Dropout rates of 0.01 and 0.05 were used for positional encoding features and the final attention matrix respectively in MHA. All other dropout rates are annotated in Extended Data Fig. 1a.

Model training and evaluation

The model was trained, evaluated, and tested on the same targets, genomic intervals, and using the same Poisson negative log-likelihood loss function as Basenji2 (ref. 2). Briefly, the cross-species training/validation/test sets were constructed using the following procedure to partition homologous sequences into the same set. First, we divided both the human and mouse genomes into 1 Mb regions. We constructed a bipartite graph, in which the vertices represent these regions. Next, we placed edges between 2 regions if they have >100 kb of aligning sequence in the hg38-mm10 syntenic net format alignment downloaded from the UCSC Genome Browser42. Finally, we partitioned connected components in the bipartite graph randomly into training, validation, and test sets.

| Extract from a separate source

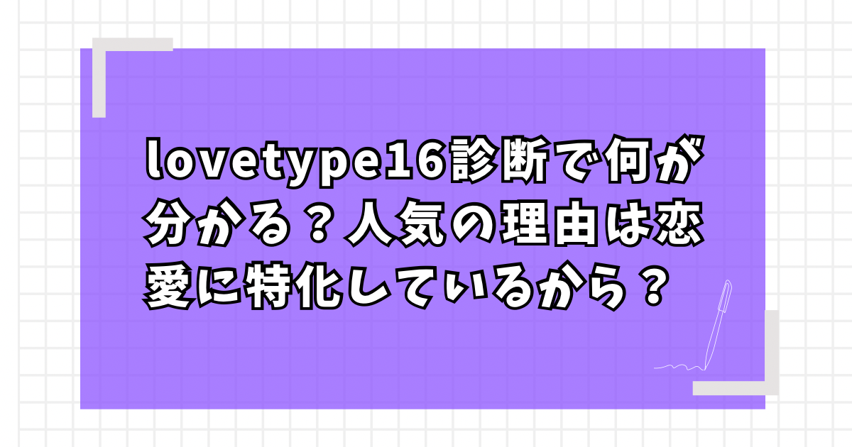 恋愛の価値観や自分の行動パターンを客観的に知るきっかけとして、近年注目を集めているのが「lovetype16診断」です。

The dataset contains 34,021 training, 2,213 validation, and 1,937 test sequences for the human genome, and 29,295 training, 2,209 validation, and 2,017 test sequences for the mouse genome. For the human genome, each example contains 2,131 transcription factor (TF) chromatin immunoprecipitation and sequencing (ChIP–seq), 1,860 histone modification ChIP–seq, 684 DNase-seq or ATAC-seq, and 638 CAGE tracks (total 5,313, Supplementary Table 2). For the mouse genome, each example contains 308 TF ChIP–seq, 750 histone modification ChIP–seq, 228 DNase-seq or ATAC-seq, and 357 CAGE tracks (total 1,643, Supplementary Table 3). We modified the Basenji2 dataset by extending the input sequence to 196,608 bp from the original 131,072 bp using the hg38 reference genome.

To train a model simultaneously on human and mouse genomes, we alternated between a batch containing data from the human genome and the mouse genome. The main Enformer model with 1,536 channels was implemented in Sonnet v2, TensorFlow (v2.4.0), and was trained on 64 TPU v3 cores with batch size of 64 (1 per core) for 150,000 steps (approximately 3 days) using all-reduce gradient aggregation across the cores at every step. Batch normalization statistics were also aggregated across multiple replicas using 0.9 momentum. We used the Adam optimizer from Sonnet v2 (ref. 43) with a learning rate of 0.0005 and default settings for other hyperparameters: β1 = 0.9, β2 = 0.999, ε = 1 × 10–8. The optimal learning rate was discovered by grid search yielding the highest performance on the validation set. We linearly increased the learning rate from 0 to target value in the first 5,000 steps of training. We clipped gradients to a maximum global norm of 0.2. We used the same data augmentation as Basenji2 (ref. 2) during training by randomly shifting the input sequence by up to 3 bp and reverse-complementing the input sequence while reversing the targets. Finally, we fine-tuned the Enformer model on human data for 30,000 steps using a lower learning rate of 0.0001.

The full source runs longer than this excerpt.